Pictures stay out. Everything else in the listing below gets written out exactly.
PROVIDED INFORMATION section start
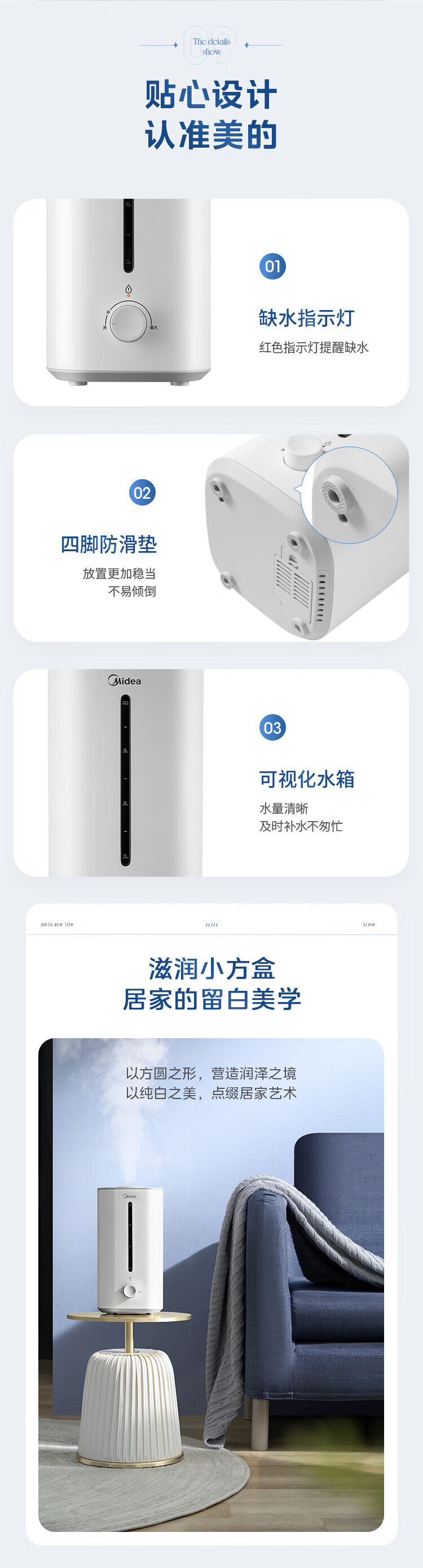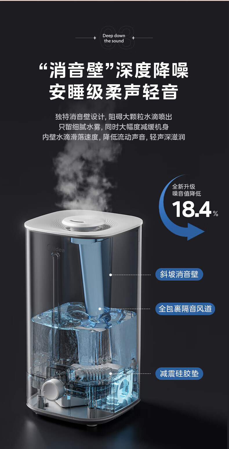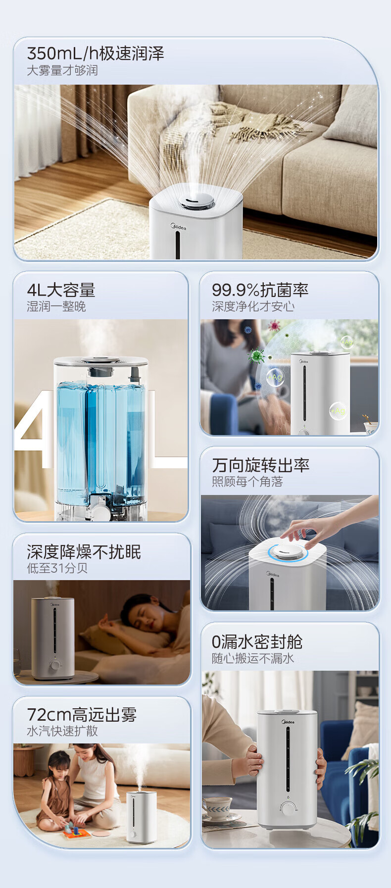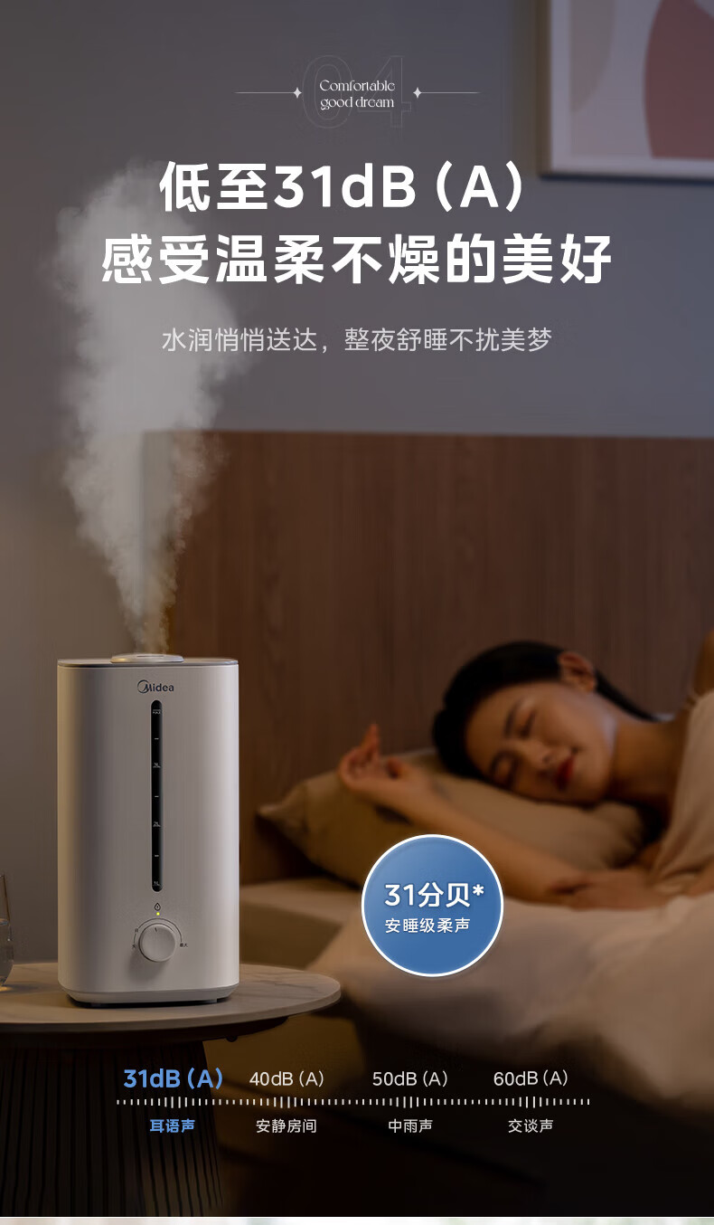 美的(Midea)加湿器空气净化器一体鼻炎家用卧室客厅孕妇婴幼儿静音除菌喷雾器桌面小型工业迷你雾化器SC-3G40S 【桌面安睡】350ml/h
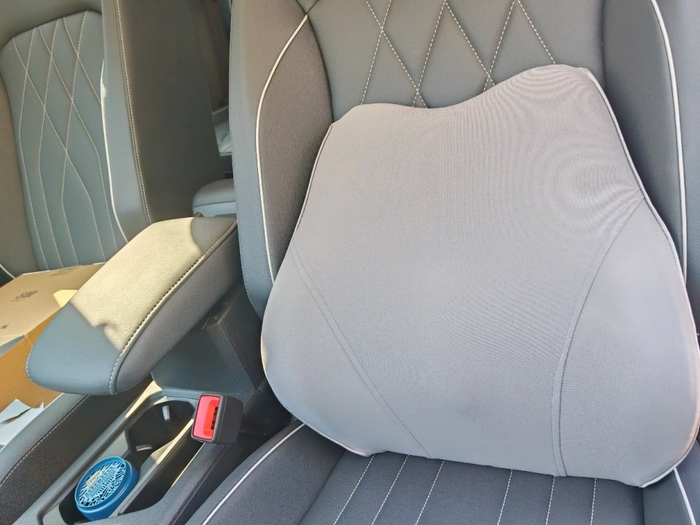 另外,腰靠的后面设计了一个嵌入式的卡扣,可以塞进座椅腰背的接缝处,提升不少稳固性,和可以适配更多的车型。
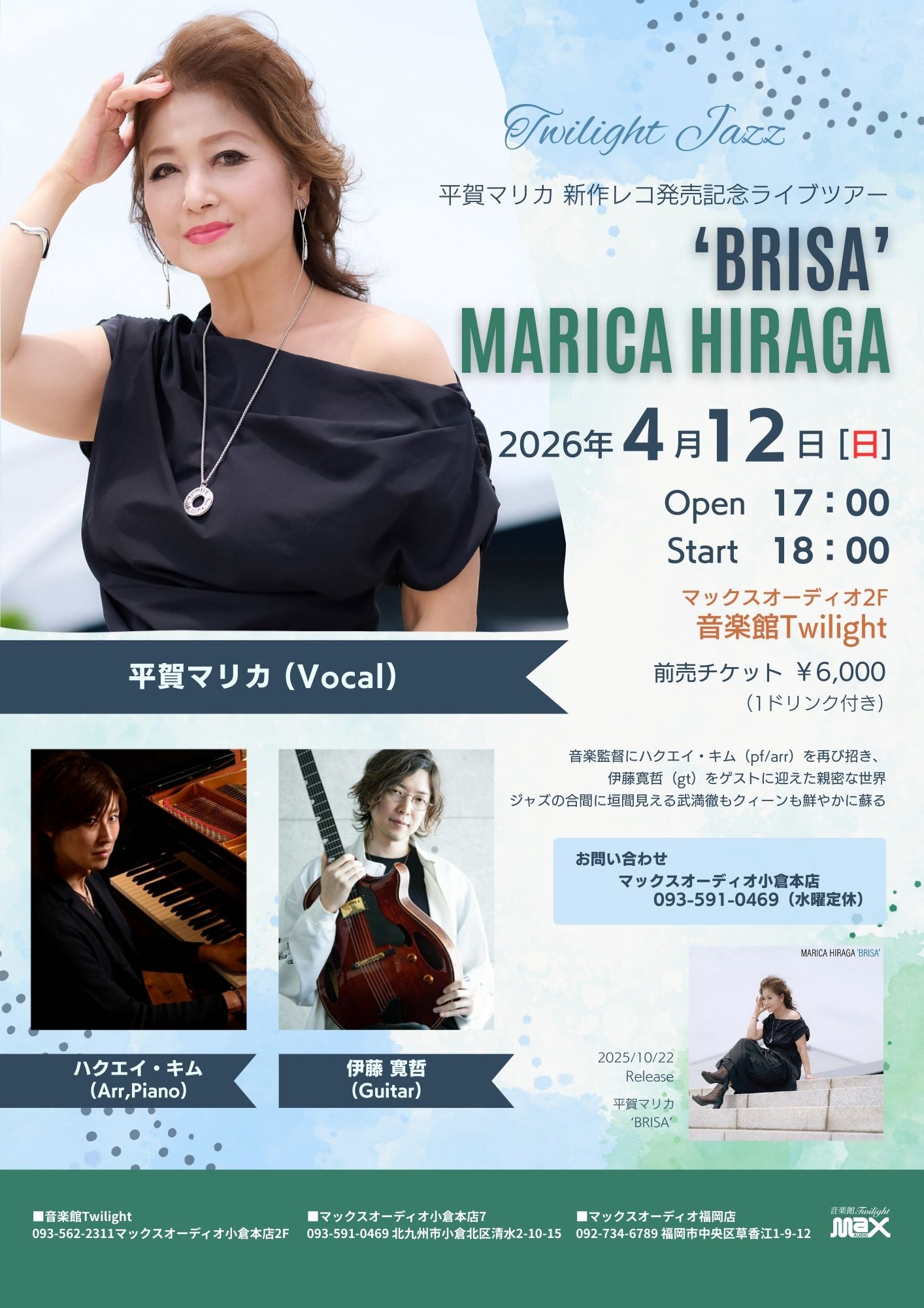 Vocal:平賀マリカ、Arr,Piano:ハクエイ・キム、Guitar:伊藤寛哲
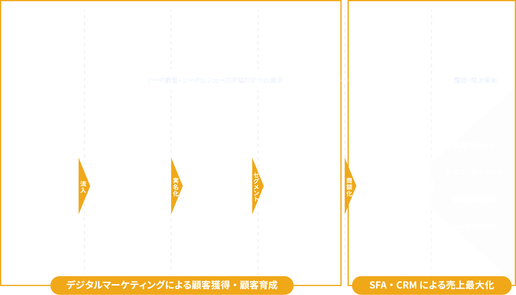 デジタルマーケティングによる顧客獲得・顧客育成からSFA・CRMによる売上最大化を支援します。
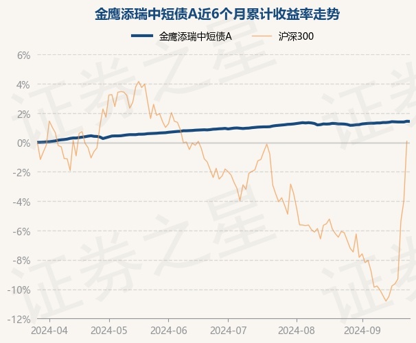 金鹰添瑞中短债A为债券型-中短债基金,根据最新一期基金季报显示,该基金资产配置:无股票类资产,债券占净值比98.79%,现金占净值比0.21%。
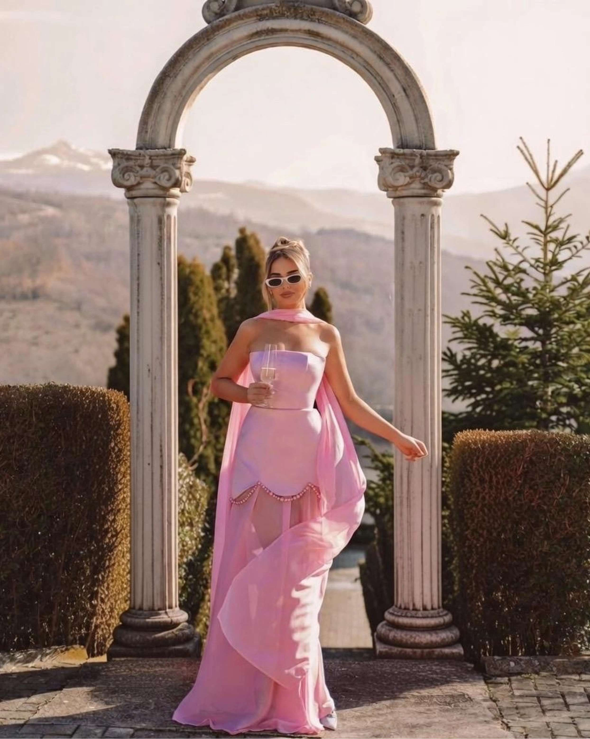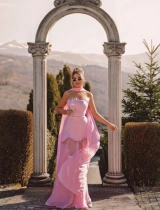 Rochie maxi Tulum top corset cu fusta Roz
PROVIDED INFORMATION section end
» SOLUTION TO THIS TASK
 美的(Midea)加湿器空气净化器一体鼻炎家用卧室客厅孕妇婴幼儿静音除菌喷雾器桌面小型工业迷你雾化器SC-3G40S 【桌面安睡】350ml/h
 另外,腰靠的后面设计了一个嵌入式的卡扣,可以塞进座椅腰背的接缝处,提升不少稳固性,和可以适配更多的车型。
 Vocal:平賀マリカ、Arr,Piano:ハクエイ・キム、Guitar:伊藤寛哲
 デジタルマーケティングによる顧客獲得・顧客育成からSFA・CRMによる売上最大化を支援します。
 金鹰添瑞中短债A为债券型-中短债基金,根据最新一期基金季报显示,该基金资产配置:无股票类资产,债券占净值比98.79%,现金占净值比0.21%。
 Rochie maxi Tulum top corset cu fusta Roz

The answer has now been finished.